Bloody Soweto was the front page banner headline in the Wednesday, March 23, 2011 edition of the New Dawn. In that story, we reported that the manner in which the Liberian police brutally approached Tuesday’s student’s demonstration in Monrovia took the trend of the 1976 Soweto raids by South African racist police. During the brutal police confrontation, severe injuries were inflicted on several students.

The riot started when students refused to leave the street as ordered by the police, and subsequently began throwing stones in response to the attack on them. Perhaps because of the hostile approach by the Emergency response and Police Supports Units, the MCSS Students of William V.S Tubman and G.W. Gibson high Schools vowed not to leave the street until their teachers’ salary arrears and increment were met.

This resulted to both Students and Police throwing stones at each other with several wounds in the process on Capitol by- Pass and 12th Street. Some of the arrested students were seen in bloody and helpless conditions, while others were beaten severely and taken away in two police pick-up trucks after being pursued into their compounds and arrested.

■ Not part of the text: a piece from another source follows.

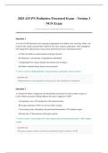This document contains 60 verified NGN-style multiple-choice questions and answers from the 2025 ATI PN Pediatrics Proctored Exam – Version 3. It covers essential pediatric topics including neonatal care, developmental milestones, respiratory conditions, immunizations, medication dosing, chronic illness management, and therapeutic communication. Each question includes the correct answer and rationale, making it ideal for NCLEX-PN preparation and last-minute review. The content reflects current...

MCSS Students at the William V.S Tubman High School on 12th Street in Sinkor had set road blocks, while those at G.W. Gibson threw stones on both government and private vehicles, damaging several of them upon hearing news of the police attack on their colleagues. The students told reporters that their classes had been disrupted since Monday, after instructors refused to appear in demand of their salary arrears and increment as promised by the government. They claimed to have started demonstrating peacefully when the Police Support unit arrived with force to disperse them. This, they noted, led to the violent situation.

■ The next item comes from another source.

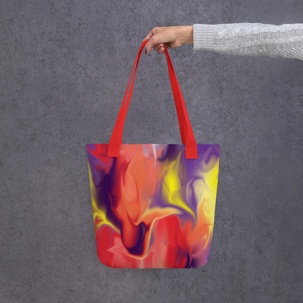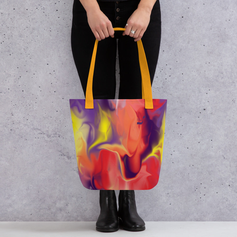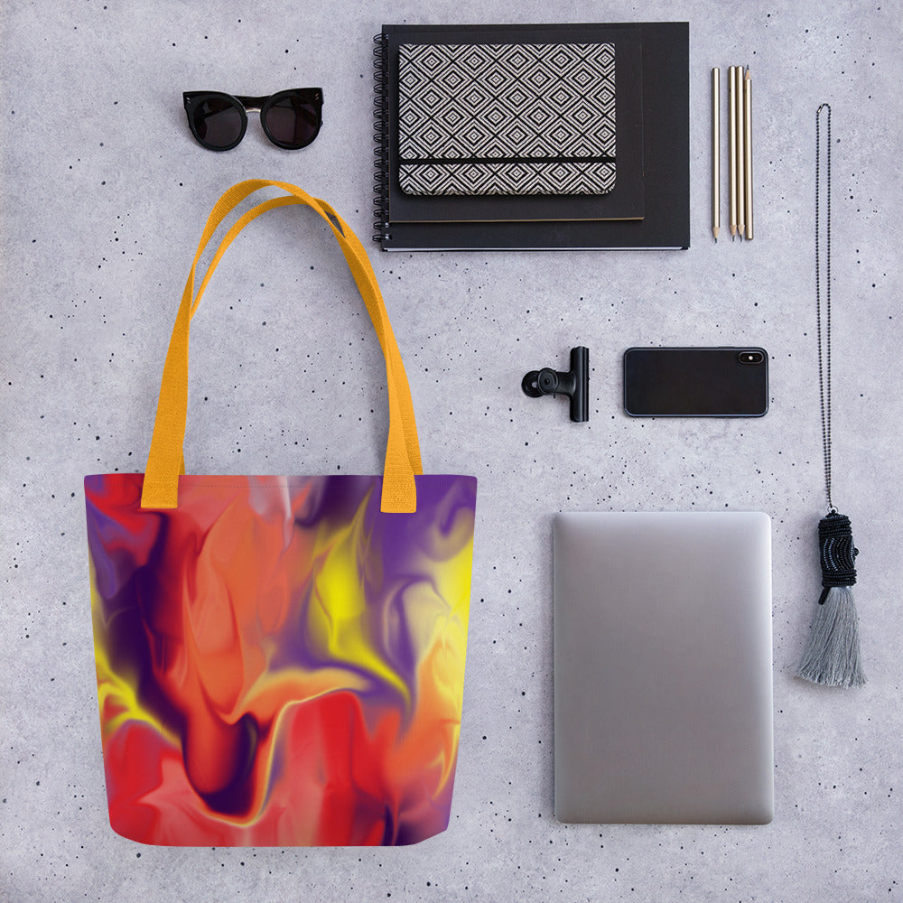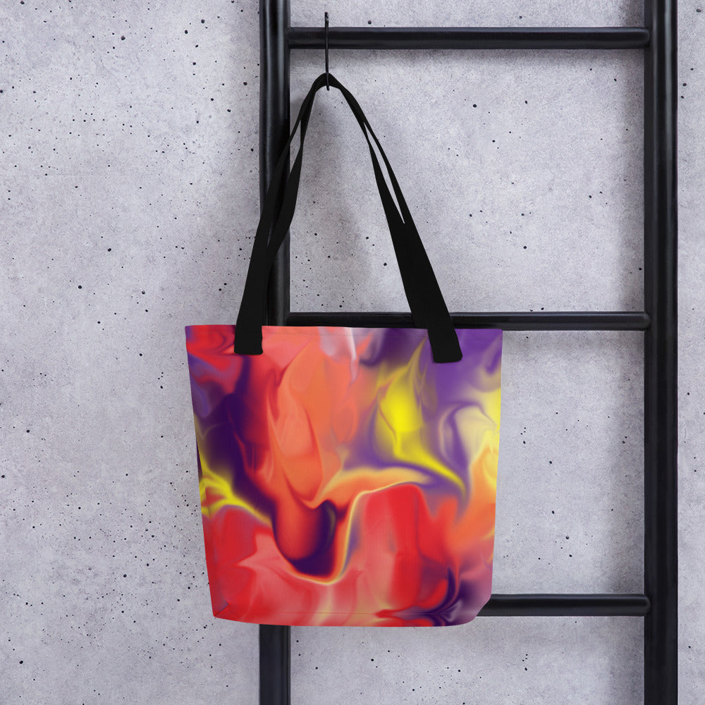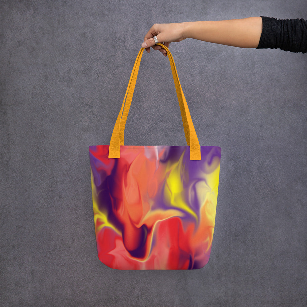 Introducing our Airless BeSculpt Abstract Fluid Art Bright Colors Tote Bag, a stunning accessory that beautifully combines art and functionality. This tote bag is not just an ordinary bag; it is a statement piece that allows you to express your individuality and artistic flair. With its vibrant and captivating abstract patterns, this tote bag is a true work of art that will turn heads wherever you go.

While we at the New Dawn do not welcome the violent behavior of the students of the Monrovia Consolidated School System on Tuesday, we do also detest and condemn the brutal and violent response of the ERU and PSU of the Liberia national Police. The continuous violent manners our police handle situations in Monrovia and elsewhere in the country is indicative of the inability to make practical what they learnt at the National police Training Academy.

If their training at the Police academy taught them to them to control demonstration the way they did on Tuesday, March 22, 2011 against armless students, we have all reasons to conclude that the millions of dollars of international monies spent to prepare them for these tasks were just “for nothing”.

We are of the fervent belief that the attitudes of our brothers in arms may just be very similar to those of Africa’s war-time militias. It is in view of the foregoing that many marketers, commercial drivers and other citizens continue to complain daily. At the time we think we have graduated from our bitter past, we continue to be reminded, despite all of the international efforts to reform our state security.

This is why there is an urgent need for perpetrators of Tuesday’s Bloody Soweto to be legally pursued by the Government of Liberia to avoid a repeat. We do see the intervention by the Ministry of Education for the release of the students, as well as to honor its commitment to the striking teachers of the Monrovia Consolidated School System as very belated.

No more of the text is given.